P.J. O’Rourke on that viral Supreme Court brief

The humorist speaks out on the now-famous amicus filing: “Cato did not ask me to write their brief for the same reason that you do not ask me to perform your appendectomy. … I was asked to read it and give it my endorsement because I am an expert on being run out of Ohio. Ask my mother.” He goes on to give Ilya Shapiro and Trevor Burrus kinder treatment than he does President William Howard Taft. [Daily Beast, earlier, the brief in Susan B. Anthony List v. Steven Driehaus, more on case from SCOTUSBlog]

Medical roundup

  • Latest don’t-blame-the-regulators shortage of a generic medical supply is nitroglycerin for acute cardiac care [New York Times, ACSH]
  • “Does Medical Malpractice Law Improve Health Care Quality?” Maybe not so much [Michael Frakes and Anupam Jena, SSRN via Tyler Cowen]
  • “Affordable Care Act opening doors to IT security attacks” [Ponemon via Fierce CIO] “States Barred from Requiring Obamacare Navigators Carry Error and Omission Insurance” [Craig Gottwals, Benefit Revolution] On suspension of statutory dates, Rule of Law has scanty constituency [Ramesh Ponnuru]
  • “Video Debate: Richard Epstein and Ryan Abbott on FDA, Off-Label Drug Use” [Bill of Health]
  • “Trial lawyers helped FDA with rule opening generic drug firms to lawsuits” [Paul Bedard, Washington Examiner]
  • Everyone including the agency itself discontented with FDA’s handling of new sunscreen ingredients [WaPo via Alex Tabarrok]
  • Does writing up a more careful patient chart help keep a doctor from getting sued? [White Coat]
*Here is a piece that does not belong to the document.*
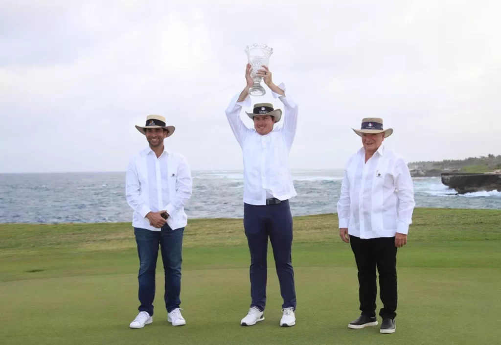 El jugador de golf profesional recibió su trofeo en una ceremonia de premiación encabezada por el presidente y CEO de Grupo Puntacana, Frank Rainieri; el director senior de Reglas y Competencias del PGA TOUR, Stephen Cox; y el vicepresidente senior de Negocios de Grupo Puntacana, Frank Elías Rainieri, en un torneo histórico por ser el primer evento del PGA TOUR en realizarse dos veces en la misma temporada en más de 70 años.

FDA rules could block use of brewers’ wastes as animal feed

So long, small-and-sustainable: critics say new Food and Drug Administration regulations implementing the Food Safety Modernization Act could render uneconomic the immemorial practice of using spent beer grains to feed livestock. Both farmers and brewers are upset. [Bangor Daily News/Lewiston, Me., Sun-Journal; proposed rule] More: Glenn Lammi, WLF.

Students “told to destroy rare Dodge Viper”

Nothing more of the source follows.